- Flag Coat of arms
- Coordinates (Okonek): 53°32′N 16°51′E﻿ / ﻿53.533°N 16.850°E
- Country: Poland
- Voivodeship: Greater Poland
- County: Złotów
- Seat: Okonek

Area
- • Total: 325.88 km^{2} (125.82 sq mi)

Population (2006)
- • Total: 8,909
- • Density: 27/km^{2} (71/sq mi)
- • Urban: 3,827
- • Rural: 5,082
- Website: http://www.okonek.pl/

= Gmina Okonek =

Gmina Okonek is an urban-rural gmina (administrative district) in Złotów County, Greater Poland Voivodeship, in west-central Poland.
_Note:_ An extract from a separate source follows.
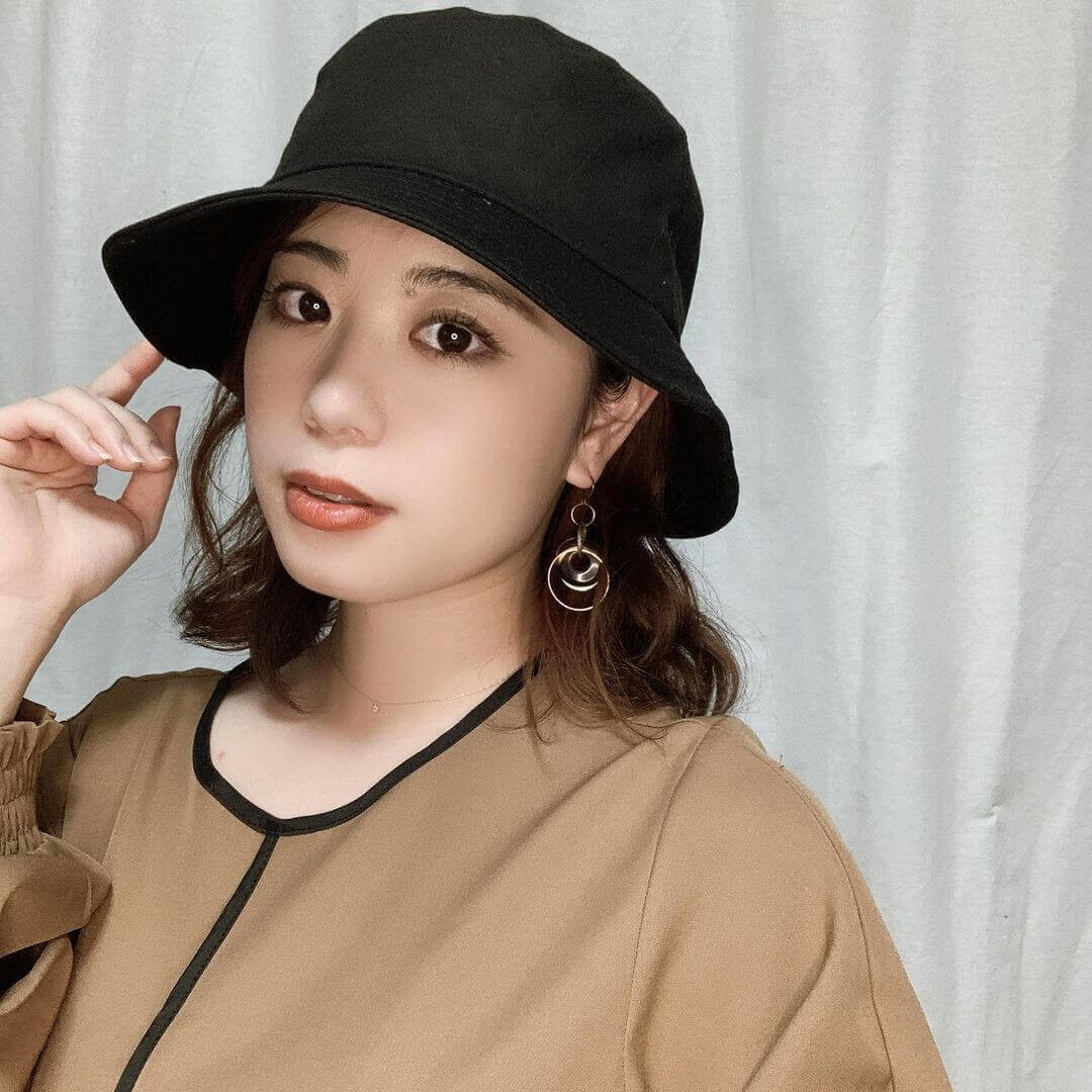 コーデ全体のスパイスにもなってくれる、ブラックカラーのバケットハット。

Its seat is the town of Okonek, which lies approximately 23 km north-west of Złotów and 126 km north of the regional capital Poznań.
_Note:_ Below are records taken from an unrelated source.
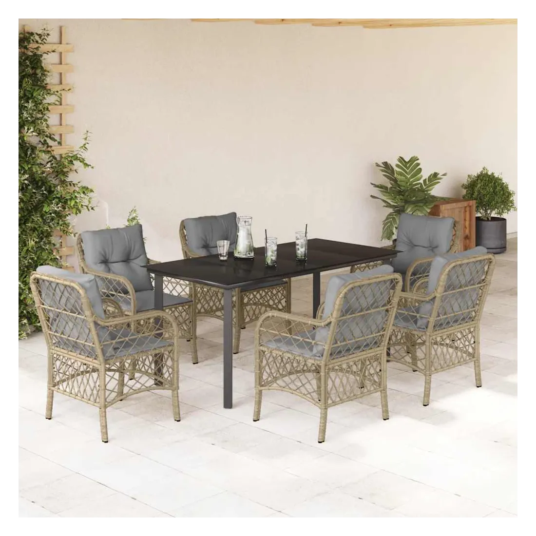 Ensemble à manger de jardin coussins 7 pcs mélange beige rotin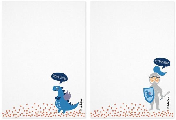 Dieses 2er Set Notizblöcke für Kinder der Marke dabelino mit Ritter und Drache als Motiv verschönert den Alltag von Jungen und Mädchen und ist ein super Geschenk für alle kleinen und großen Ritter-Fans, wenn es mal nur eine Kleinigkeit sein soll.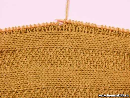 Для вывязывания вертикальных отверстий полотно вяжите основным рисунком. Довязав до планки, разделите ее на две равные части, левую половину планки провяжите на высоту отверстия, вывязывая со стороны отверстия кромочные. Нить после вывязывания должна остаться со стороны отверстия, после этого ее оборвите.

The gmina covers an area of 325.88 km2, and as of 2006 its total population is 8,909 (out of which the population of Okonek amounts to 3,827, and the population of the rural part of the gmina is 5,082).

==Villages==
Apart from the town of Okonek, Gmina Okonek contains the villages and settlements of Anielin, Babi Dwór, Borki, Borucino, Brokęcino, Brzozówka, Chwalimie, Ciosaniec, Ciosaniec-Bolkowo, Czersk, Drzewice, Glinki Mokre, Glinki Suche, Kruszka, Lędyczek, Łomczewo, Lotyń, Lubnica, Lubnicki Młyn, Lubniczka, Pniewo, Podgaje, Przybysław, Rydzynka, Skoki, Węgorzewo and Wojnówko.

==Neighbouring gminas==
Gmina Okonek is bordered by the gminas of Borne Sulinowo, Czarne, Debrzno, Jastrowie, Lipka, Szczecinek and Złotów.